Sheila Marie Evans Widnall (born July 13, 1938) is an American aerospace researcher and Institute Professor Emerita at the Massachusetts Institute of Technology (MIT). She served as United States Secretary of the Air Force from 1993 to 1997, making her the first woman to hold that post and the first woman to lead an entire branch of the United States Armed Forces in the Department of Defense. She was inducted into the National Women's Hall of Fame in 2003.

Life and career
Widnall was born and raised in Tacoma, Washington, graduating from the Aquinas Academy for Girls in 1956. She graduated from MIT with a SB in 1960, SM in 1961, and ScD in 1964, all in Aeronautics. Her master's thesis was entitled Boundary layer stability over flexible surfaces and her doctoral thesis was entitled Unsteady loads on hydrofoils including free surface effects and cavitation, both under the supervision of Marten T. Landahl.

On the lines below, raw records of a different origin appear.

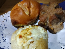 美味しそうなパンが並ぶ店内。雨の日だったせいか、他にお客さんもいなかったのでゆっくり選べました。あれもこれも食べたくなりますが、吟味した結果「じゃがバター」「クリームパン」「揚げパン(きなこ)」「くるみパン」を購入。“じゃがバター”はじゃがいもが半分とベーコンにたっぷりのマヨネーズ。パンが柔らかかったので食べやすくてボリューム満点。“クリームパン”はカスタードクリームがぎっしりで、程よい甘さが美味しい♪“揚げパン”はもっちりしていて、きなこもたっぷり。“くるみパン”はくるみの香ばしさがたまりません。どれも美味しいパンで、また次回は違うパンを食べてみたいです。ホットコーヒーのサービスも嬉しいです。 (訪問:2025/10/11)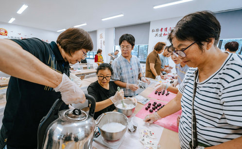 在隨后開展的“家風微分享”環節,樓道長代表踴躍發言,既有結合中秋講述敬老愛幼的意義,也有分享“勤儉持家”“誠信為本”的家訓故事,更有講述幫助獨居老人、鄰里分享美食等樓道暖心事例。“治理大家談”環節則圍繞環境衛生、鄰里調解、設施維護、消防安全等民生議題展開討論,居民們積極建言獻策,為社區工作提供了寶貴參考。活動還設置了冰皮月餅制作環節。在志愿者指導下,居民們分組協作,將制作完成的月餅贈予社區高齡老人、孤寡老人及新就業群體,讓節日溫暖在社區傳遞。
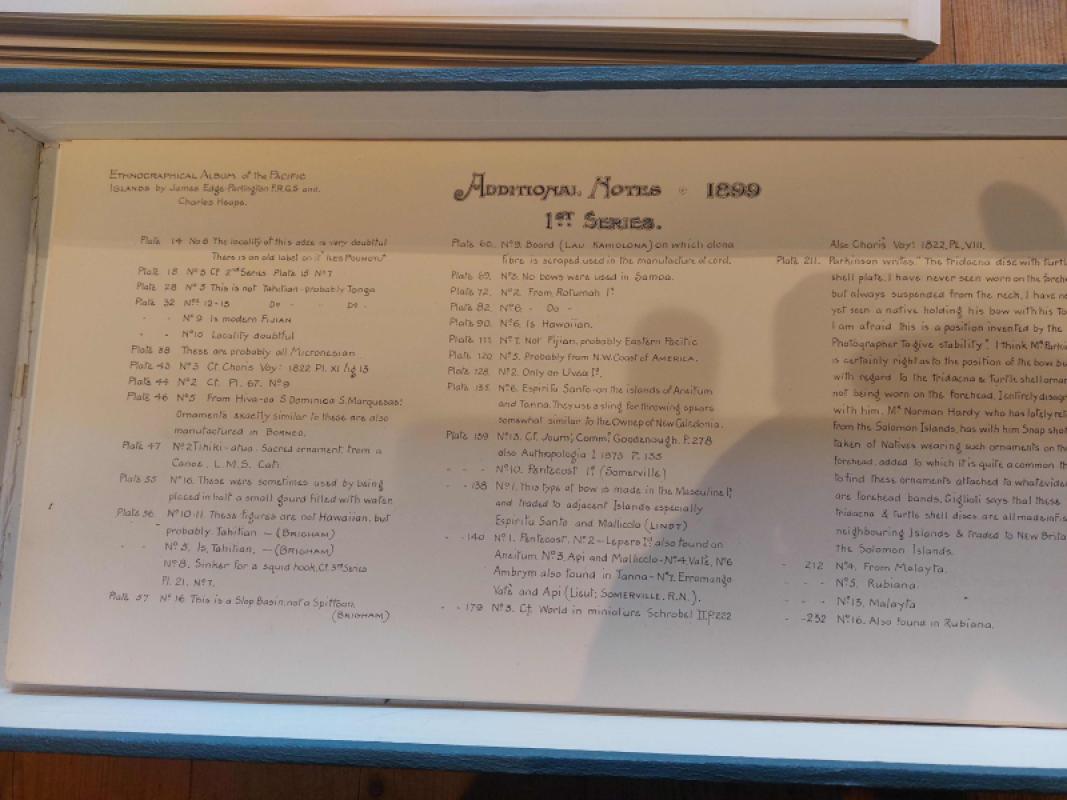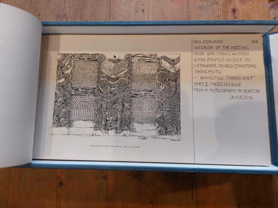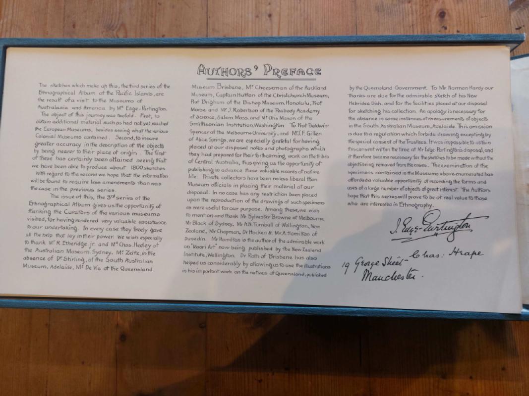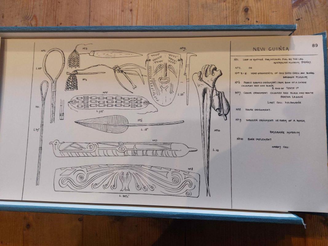 The third of the three landmark ethnographical albums produced by the British ethnologist and tribal art collector James Edge-Partington from 1890 to 1898, this album illustrated with art and artefacts from Tahiti, Hawaiian Islands, Marquesas, Fijian Islands, Solomon Islands, New Britain, New Ireland, Admiralty Islands, Micronesia, New Hebrides, New Caledonia, New Guinea, Australia and New Zealand. The objects were drawn by him from examples in major public and private collections in Australia and New Zealand. Objects from Edge-Partington's personal collection can be found in the British Museum and the major Australian and New Zealand museums.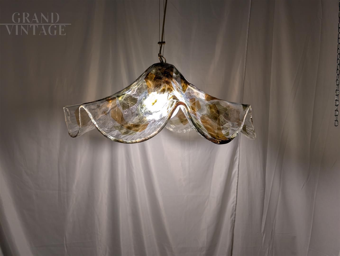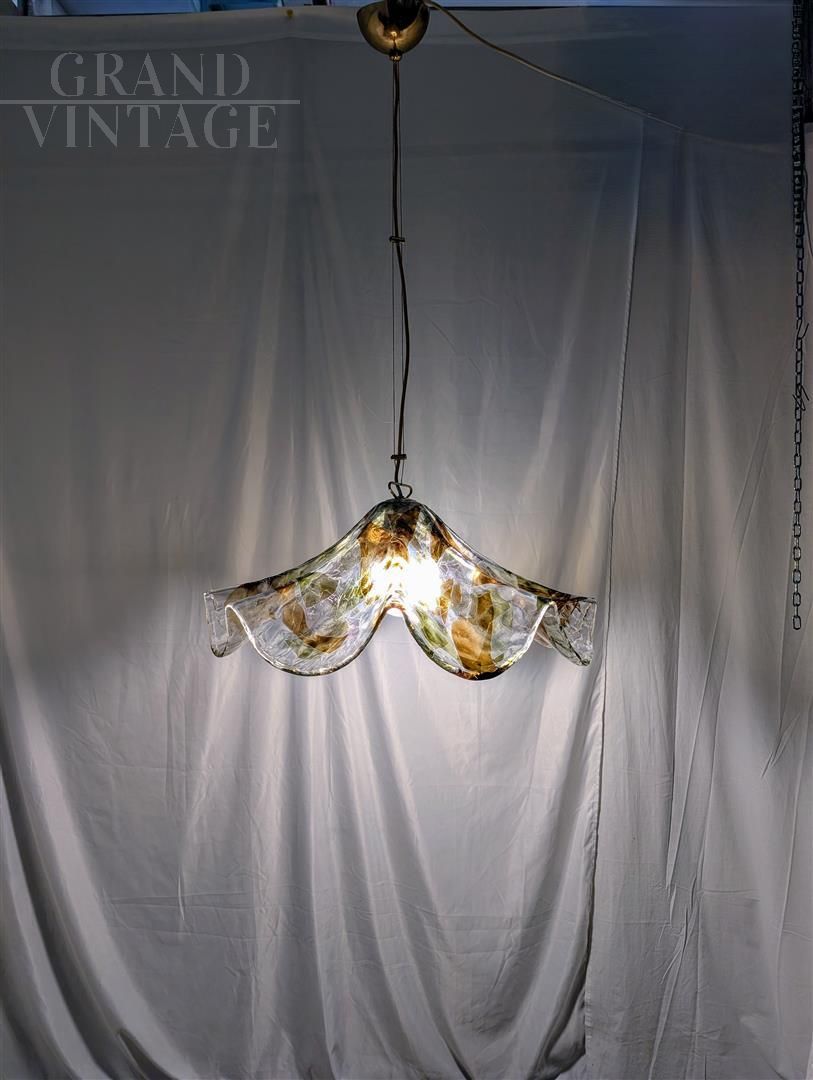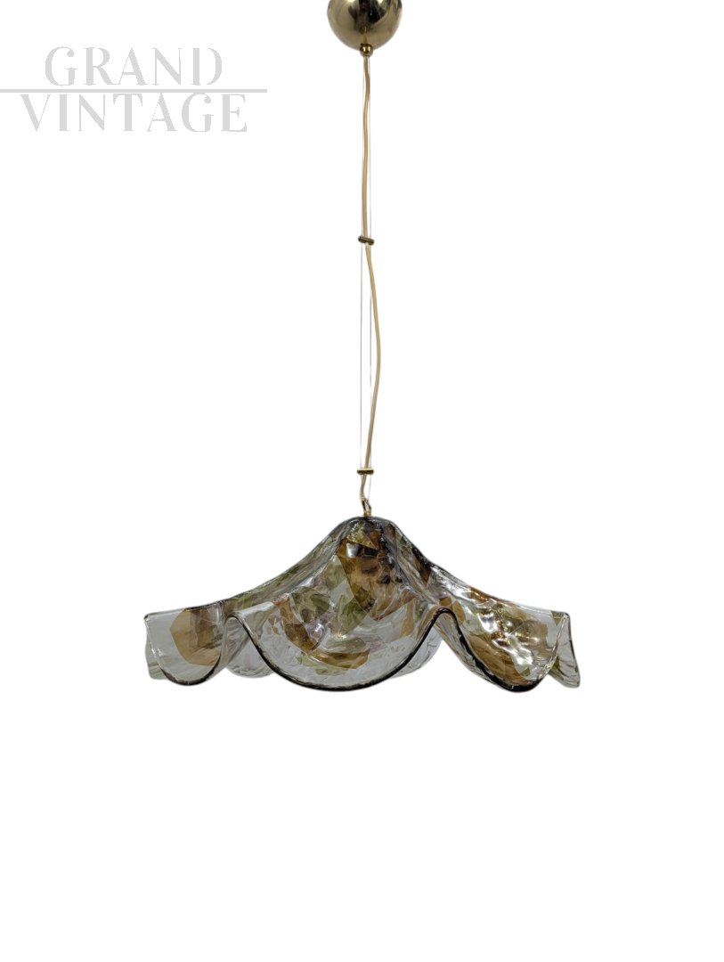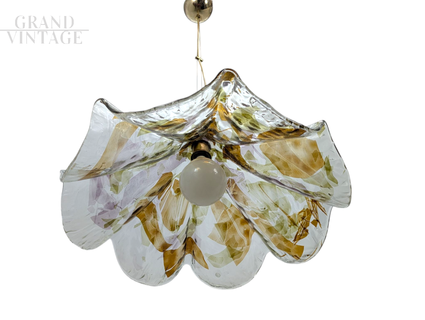 Lampadario a sospensione La Murrina in vetro di Murano. La sua struttura ondulata richiama la forma di un fiore aperto o di un tessuto mosso dal vento, con un raffinato gioco di curve che dona leggerezza e dinamismo all'intero elemento. Realizzato in vetro soffiato trasparente con inclusioni multicolore nelle tonalità dell’ambra, verde oliva e oro, questo lampadario è un esempio dell’eccellenza artigianale muranese. Il vetro è spesso e lavorato con texture leggere che rifrangono la luce in modo delicato, creando atmosfere calde e sofisticate. Al centro, un portalampada semplice con attacco a vite ospita una lampadina a vista, completando il design senza appesantirlo.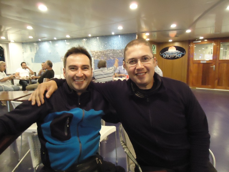 27 May 2012 Ancona -On board Φτάσαμε στο λιμάνι της Ancona και πήγαμε να βρούμε εισιτήρια στα πρακτορεία των ακτοπλοϊκών εταιρειών που βρίσκονται στην οδό Via Luigi Einaudi.Το Superfast ήταν γεμάτο και ευτυχώς βρήκαμε με τις Minoan Lines.Η τιμή της εσωτερικής δίκλινης καμπίνας με μότο ήταν 360 ευρώ,όταν πέρυσι πληρώσαμε, Ηγουμενίτσα -Ancona ,aller retour ,340 ευρώ.Απίστευτο κι όμως Ελληνικό........................................ Φώτο από την αναχώρηση μας.Αποχαιρετούμε το λιμάνι της Ancona και δίνουμε ραντεβού για το 2013...... http://3.bp.blogspot.com/-Tb2PZGuPZ2...0/DSC06712.JPG http://3.bp.blogspot.com/-obvQnerkNF...0/DSC06713.JPG http://2.bp.blogspot.com/-9zgBfHkQ-f...0/DSC06714.JPG http://4.bp.blogspot.com/-0rUkbcgO-7...0/DSC06715.JPG http://4.bp.blogspot.com/-GwEGYhsD1Q...0/DSC06716.JPG http://4.bp.blogspot.com/-aAWCLnPcwc...0/DSC06722.JPG http://4.bp.blogspot.com/-lVDoLuyVeL...0/DSC06723.JPG http://3.bp.blogspot.com/-nXCHtFRP94...0/DSC06724.JPG http://4.bp.blogspot.com/-qjK5HdeWkF...0/DSC06732.JPG http://1.bp.blogspot.com/-O6fGdyU1T7...0/DSC06742.JPG http://3.bp.blogspot.com/-Vhq0p4RQKE...0/DSC06745.JPG http://3.bp.blogspot.com/-YKFxkFfLdu...0/DSC06746.JPG Παρέα, με τον γεμάτο ιστορίες, Γρηγόρη από την Καστοριά που είχε ξεκινήσει από Γερμανία.Είναι πολύ τρελαμένος εντουράς και λάτρης της μοτοσυκλέτας και των ταξιδιών.Συναντηθήκαμε 10 χλμ πριν την Αncona και αφού γνωριστήκαμε ,κάναμε παρέα και συνταξιδεψαμε μαζί. http://3.bp.blogspot.com/-RF0DEU2_Qx...0/DSC06747.JPG |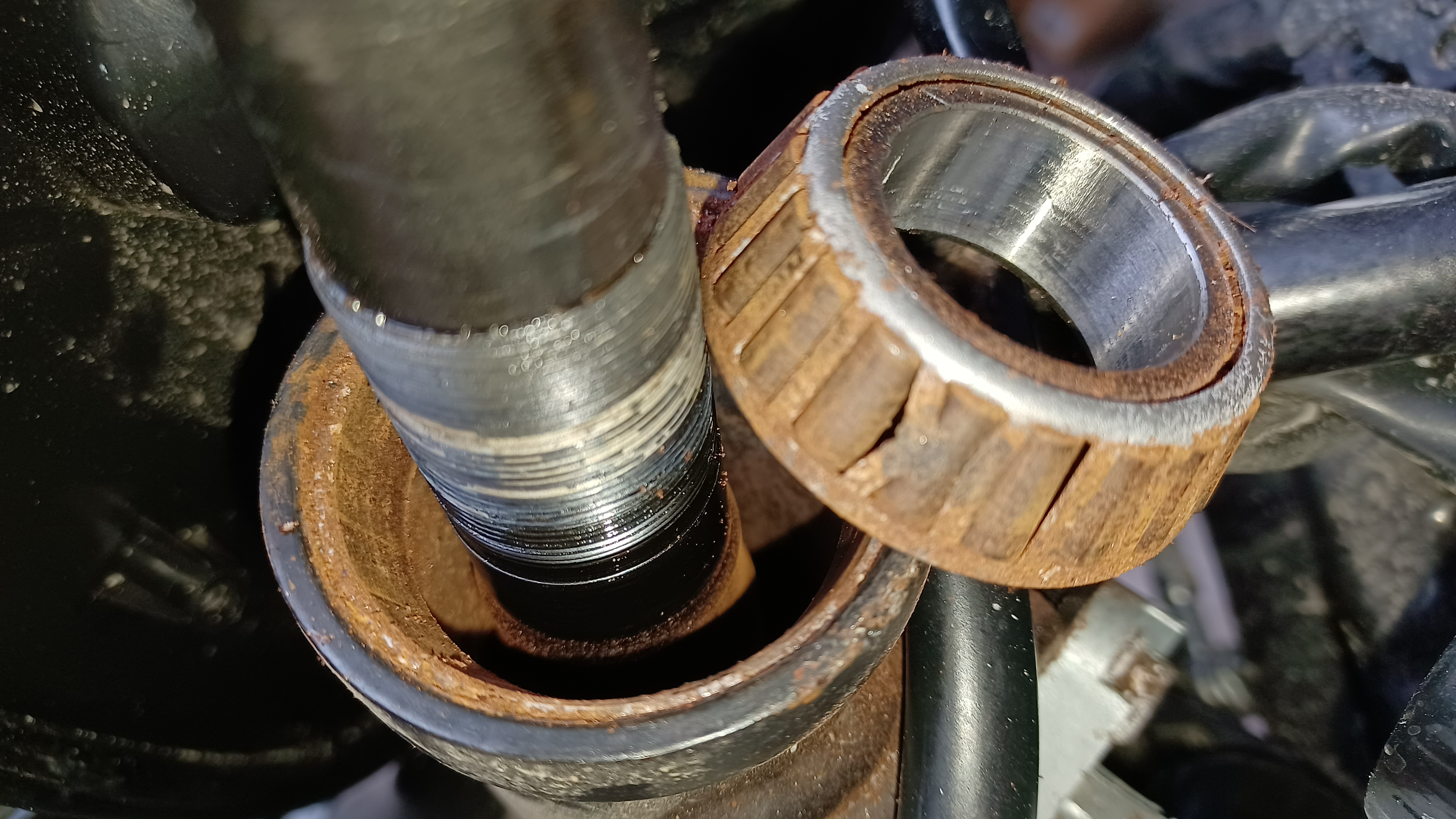 so sah mein oberes LKL nach nach gut einem halben Jahr und 5700 km aus. Das untere Lager konnte ich zwar immer nachfetten und so über den Winter kommen, aber irgendwann war das obere schlagartig fest und die Lenkung lies sich nur noch mit ziemlichem Kraftaufwand betätigen. Wäre was passiert, hätte man das juristisch durchaus bewerten können. hab mir jetzt neue japanische Lager mit Dichtungen und einer ordentlichen Fettfüllung eingebaut.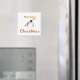 "God jul i faux guld färg och ett rödskript med illustration av ett centrum i snögubbe.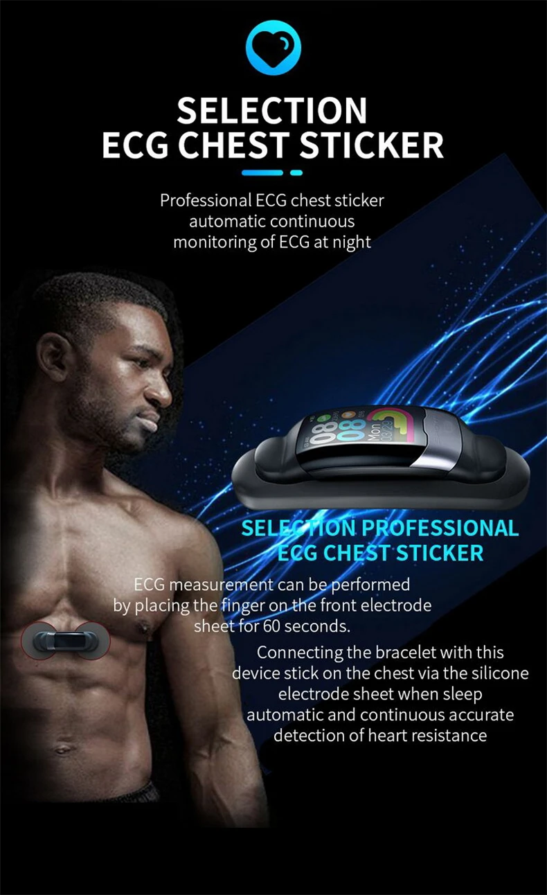 4. Контроль яиц электрода: принимает 3 X 316L медицинские нержавеющие стали и передовые электроды и сенсорные технологии 2-in-l получить результат ЭКГ быстро и точно в течение 60 с, выбор ЭКГ, грудь наклейка: измерение ЭКГ может быть выполнено путем размещения figer на переднем электродном листе fof 60 секунд.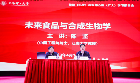 4月11日下午,黨委中心組舉行擴(kuò)大學(xué)習(xí)會,邀請中國工程院院士、江南大學(xué)教授、博士生導(dǎo)師陳堅作《未來食品與合成生物學(xué)》專題輔導(dǎo)報告,校黨委副書記孫躍東主持學(xué)習(xí)會。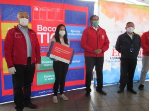 Con una serie de medidas de tipo sanitarias para evitar el contagio de COVID-19, padres o apoderados de 277 estudiantes de establecimientos municipales y particulares subvencionados de El Monte, recibieron los computadores donados a sus hijos o pupilos por parte del Ministerio de Educación, a través de la Junta Nacional de Auxilio Escolar y Becas (JUNAEB), en el Liceo Luis Humberto Acosta Gay.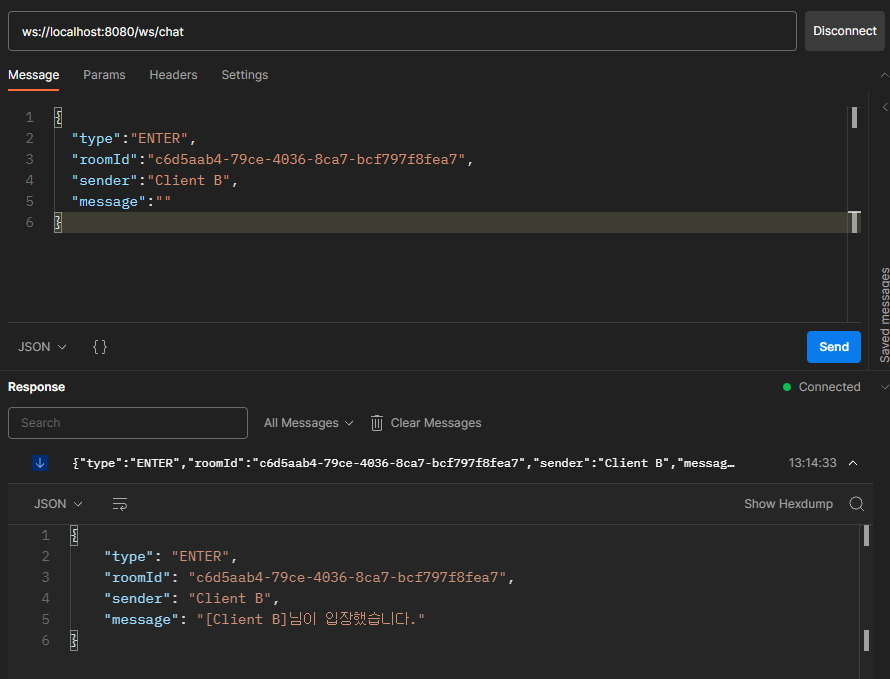위의 2.4에 나와있는 것처럼 Postman에서 새로운 WebSocket - Request를 생성해 주고 응답받은 채팅방의 고유번호를 가지고 채팅방에 입장한다.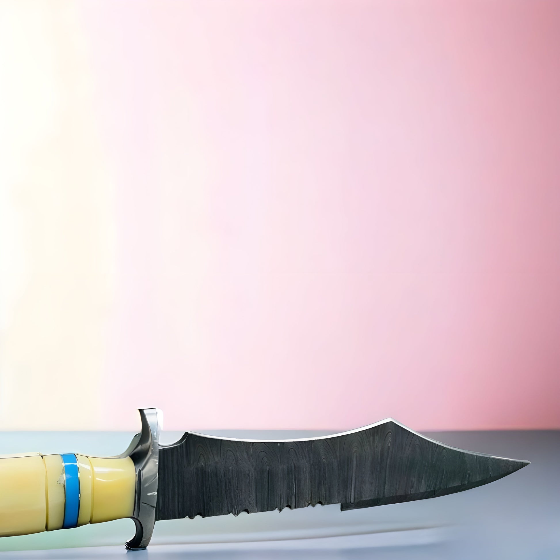 Custom Damascus Bowie with Unique Handle and Distinctive Blade Design

Widnall was appointed as the Abby Rockefeller Mauzé Professor of Aeronautics and Astronautics in 1986 and joined the Engineering Systems Division, was Chair of the Faculty 1979–1981, and has served as MIT's Associate Provost from 1992–1993. In 1988 she was the President of the American Association for the Advancement of Science. She was elected to the American Academy of Arts and Sciences that same year. In 2000, Widnall was elected to the American Philosophical Society.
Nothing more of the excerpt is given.